Die SPD hob den Raumbedarf der Stadtmuseen mit einem Antrag im Kulturausschuss auf die Tagesordnung. Ein Gutachten förderte zutage: Allein die Städtische Galerie (Schloss) habe einen Bedarf von 2500 Quadratmetern Fläche, derzeit verfügt sie aber nur über 800 Quadratmeter. Susanne Pfleger, Direktorin der Städtischen Galerie, vergleicht es so: „Aktuell haben wir eine Garage für einen Lupo. Wir fahren aber einen Phaeton, der hinten schon rausguckt.“

Die drei Depots der Galerie sind übervoll, die Kunstwerke stapeln sich. Ein weiteres Problem: In den Räumen im Schloss herrschen große Temperaturunterschiede - auch mit Klimaanlagen lässt sich das nicht in den Griff bekommen. Die Folge: Skulpturen und Gemälde drohen Schaden zu nehmen. Auch die Decke im Ausstellungsraum ist sanierungsbedürftig.

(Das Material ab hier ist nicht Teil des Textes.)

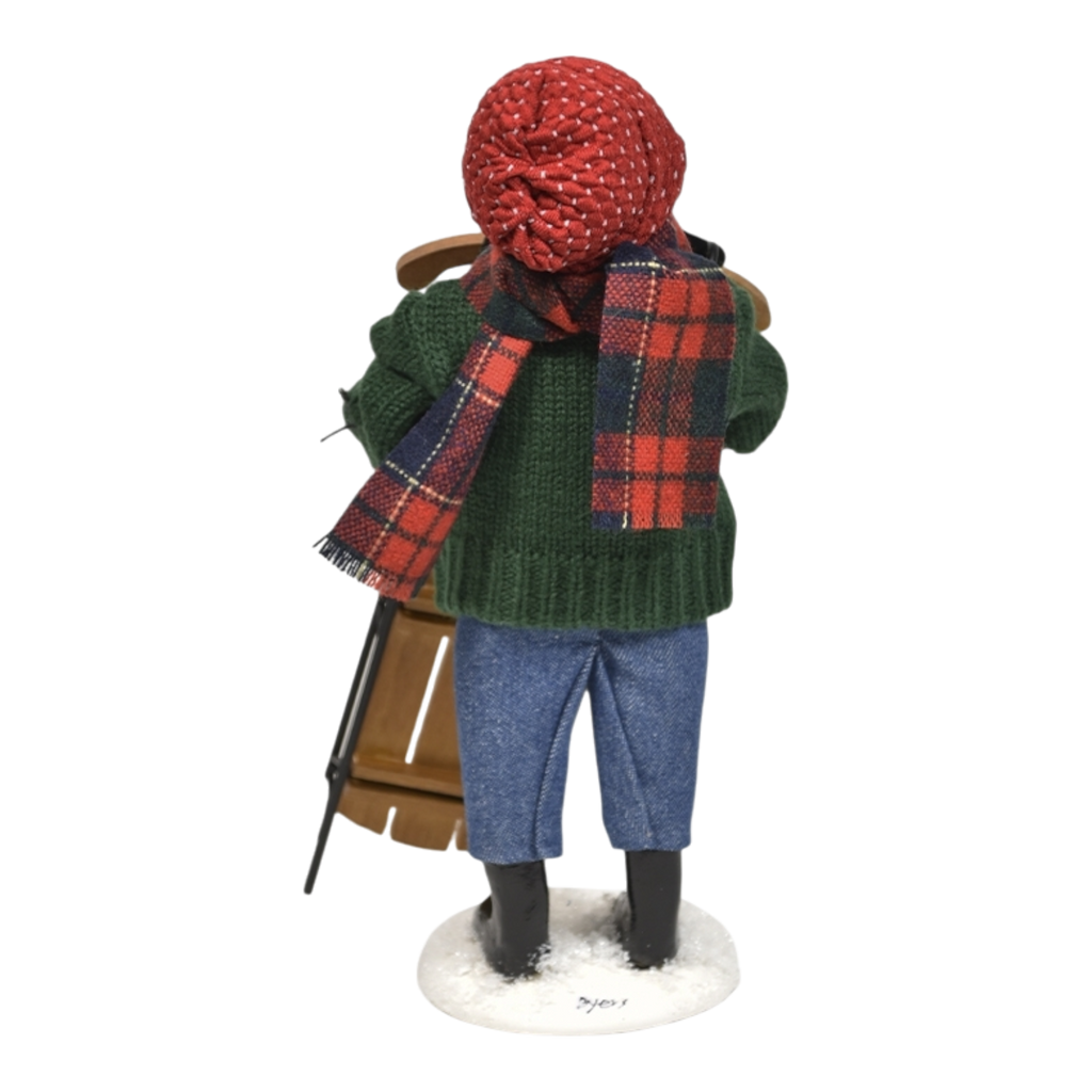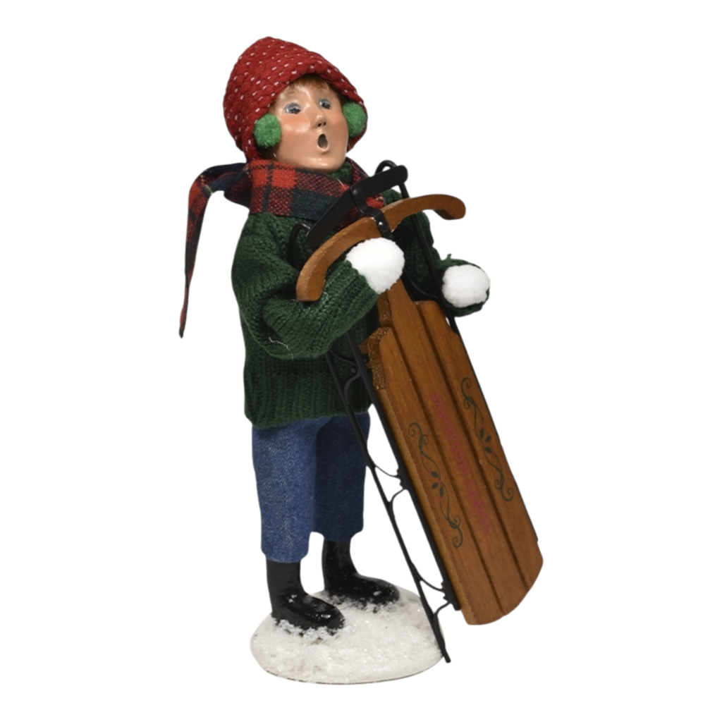 Invite the thrill of winter fun into your home with the enchanting Winter Sports Family - Sledding Boy figurine! Standing at a delightful 10 inches tall, this charming Byers’ Choice collectible captures the joyful essence of snowy adventures. Dressed warmly in a cozy green jacket, matching hat, and earmuffs, this spirited boy is ready for a day of sledding excitement. With his sled in hand and a cheerful expression on his face, he embodies the excitement and playful spirit of winter sports.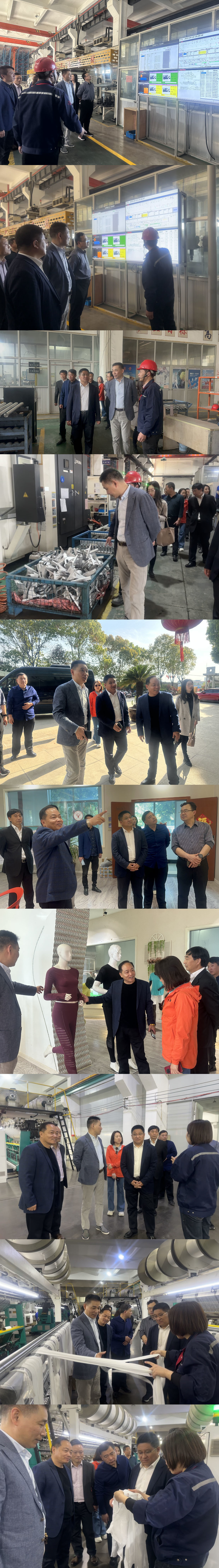 2023.4.10,葫芦岛市工商联吴欣宝书记一行 8 人在 常州市工商联党组成员、副主席眭荣辉的陪同下莅临公司参观,公司董事长、市工商联副主席王敏其向来宾介绍了国家智能制造示范基地(高效织造智能化经编生产线)的运行和建设情况,并就两地之间的产业合作进行了交流,来宾一行还参观了公司数字工厂运行现场并对智能化制造的流程详细了解。

Die Verantwortlichen der Stadtmuseen wünschen sich ein großes Depot, in dem alle Bestände zusammengefasst werden könnten. Diese Option will die Verwaltung jetzt prüfen - sie bekam vom Kulturausschuss den Auftrag, nach einem geeigneten Gebäude zu suchen. Auch ein Neubau könnte Thema sein. „Wir brauchen in der Depot-Frage eine Lösung in absehbarer Zeit“, so Frank Helmut Zaddach (SPD).